Beim Frühstück hörte ich (Zerstreuung eins) ein Stück, das ursprünglich Mozart zugeschrieben worden war, neueren Forschungen zufolge nun aber von einem bisher nie gehörten Komponisten stammen sollte, später las ich in der Zeitung, dass in Deutschland, vorwiegend in Asia-Restaurants mit All you can eat-Angebot, Wirte überlegten, Gebühren für übrig gelassenes Essen zu verlangen (Zerstreuung zwei), anschließend drückte ich am Klavier vierstimmige Mollakkorde mit großer Septime in allen Tonarten (den Akkord, den ich für die Dauer dieses Sommers zu meinem bevorzugten gewählt hatte). Diese beiläufige taktile Übung – möglicherweise kämmten andere mit derselben Abwesenheit ihren Hund – wurde abgelöst durch das Hinhören auf ein unregelmäßiges Klopfgeräusch aus dem Geschirrspüler.

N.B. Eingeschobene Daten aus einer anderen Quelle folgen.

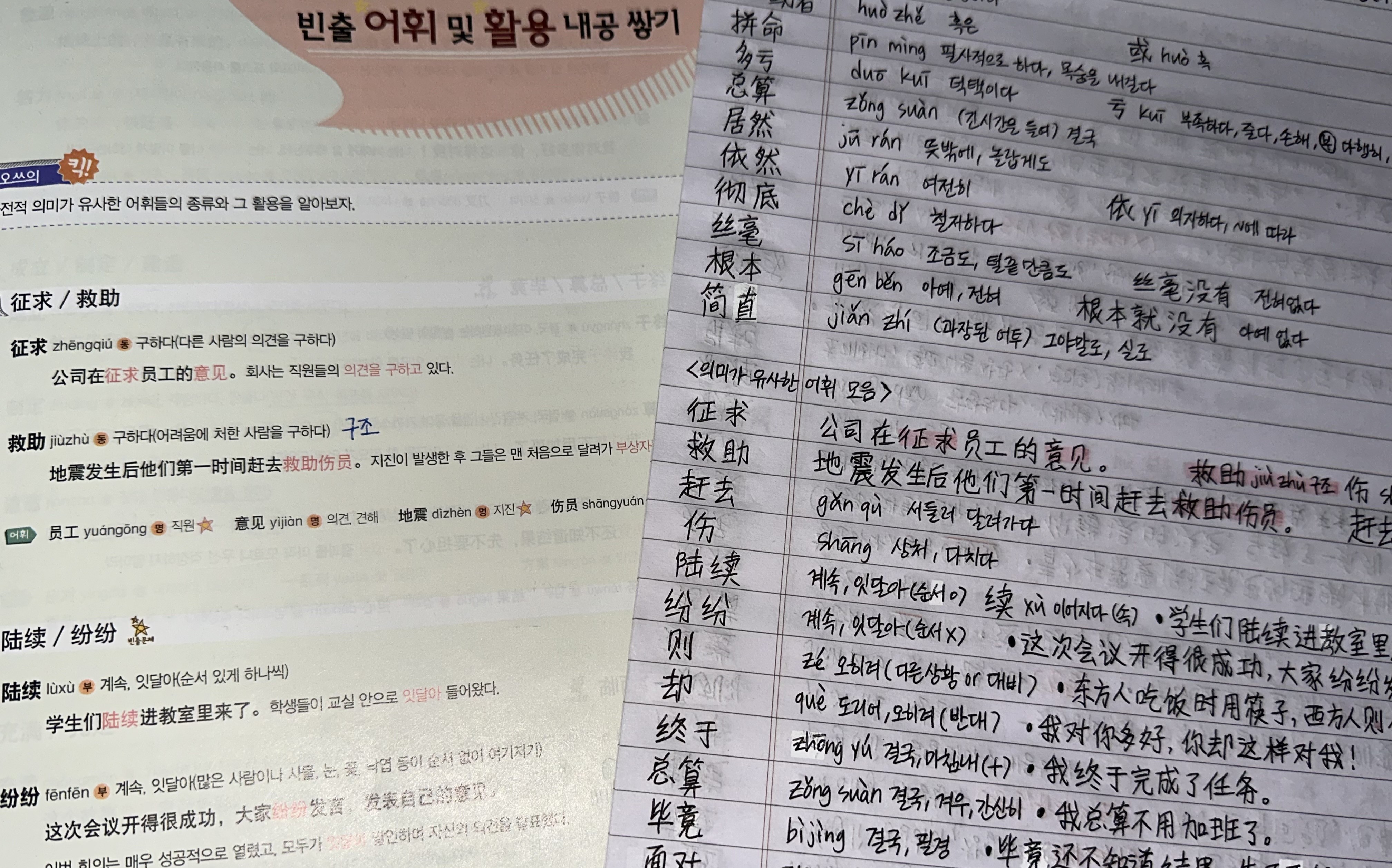 중요한 단어나 문법은 강의에서 항상 반복해주고 교재에서도 자주 서술해줘서 자연적으로 암기가 되더라구요.
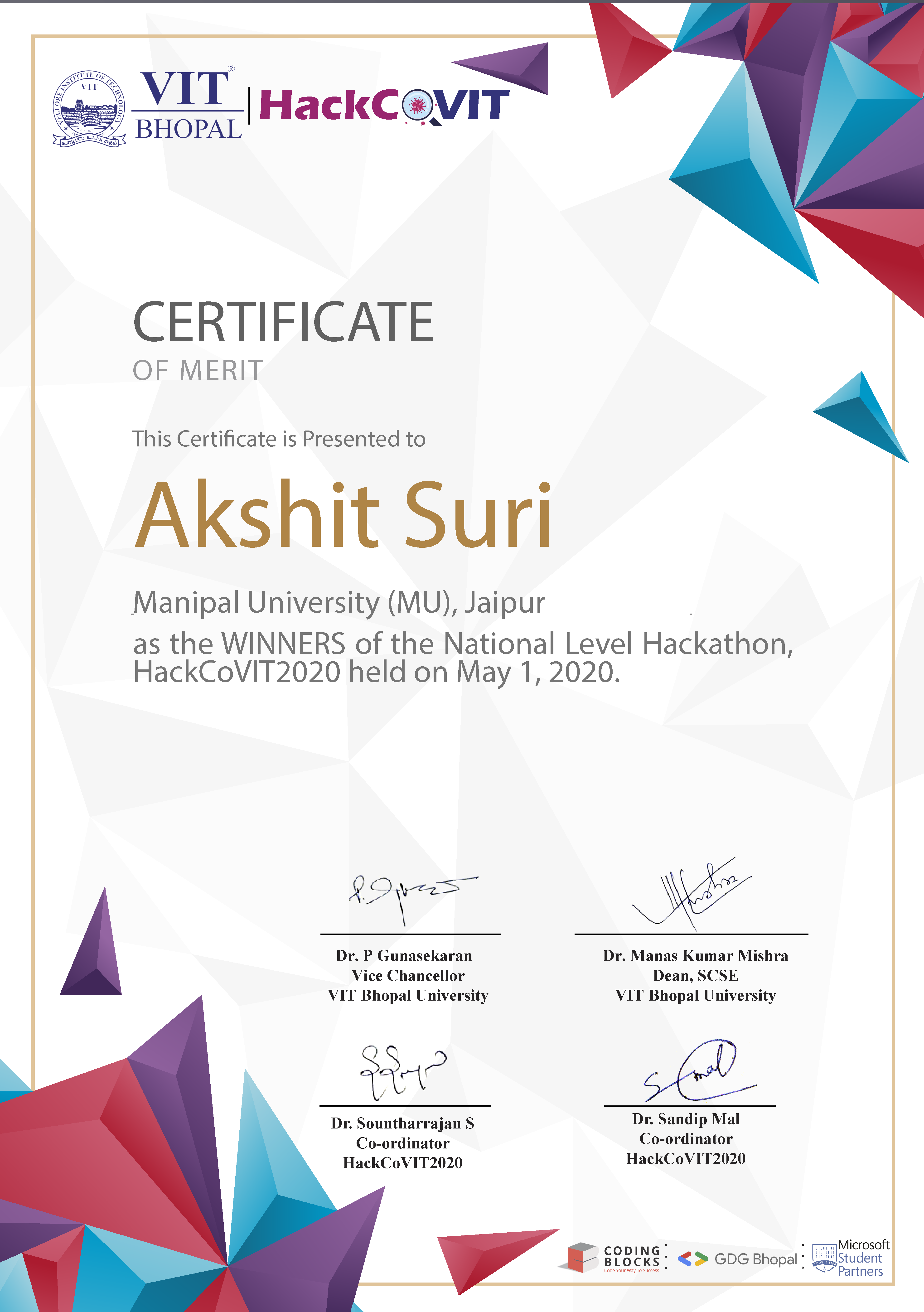 - Awarded to Akshit SuriWinner of HackCoVIT 2020 VIT Bhopal May 2020 Adjudged winner of HackCoVIT 2020 amongst 70+ participating teams.

Als ich den Spüler öffnete, schlug mir heißer Dampf entgegen. Ich nahm eine Bratpfanne heraus, deren Stiel offenbar ein rotierendes Teil an der Umdrehung gehindert hatte (Zerstreuung drei und vier).
Als ich auf die Küchenuhr sah, war es halb elf und ich beinahe zu müde, den Computer einzuschalten. Ich löschte vier Mails ungelesen, ein fünftes, das von der Uni kam, öffnete ich vorerst nicht. Im Internet las ich von zwölf Nahrungsmitteln, die man niemals im Kühlschrank aufbewahren sollte. Der Tipp für Kartoffeln bestand darin, sie in einer Papiertüte an kühler Stelle im Keller oder im Schuppen aufzubewahren. Ich wohnte in einer Mietwohnung mit geheiztem Keller, ohne Schuppen. An dieser Stelle schlug meine Aufmerksamkeit gegenüber verstärkt eindringenden Germanismen in der Sprache an, ein Spleen, den ich schon als Schüler gepflegt hatte und der mir geblieben war. Als ich jung war, hatten wir halt Plastiksackerl gesagt und ein Schuppen im Dorf meiner Kindheit war immer eine Holzhütte gewesen. So veränderte sich Sprache und hatte sie sich immer gewandelt.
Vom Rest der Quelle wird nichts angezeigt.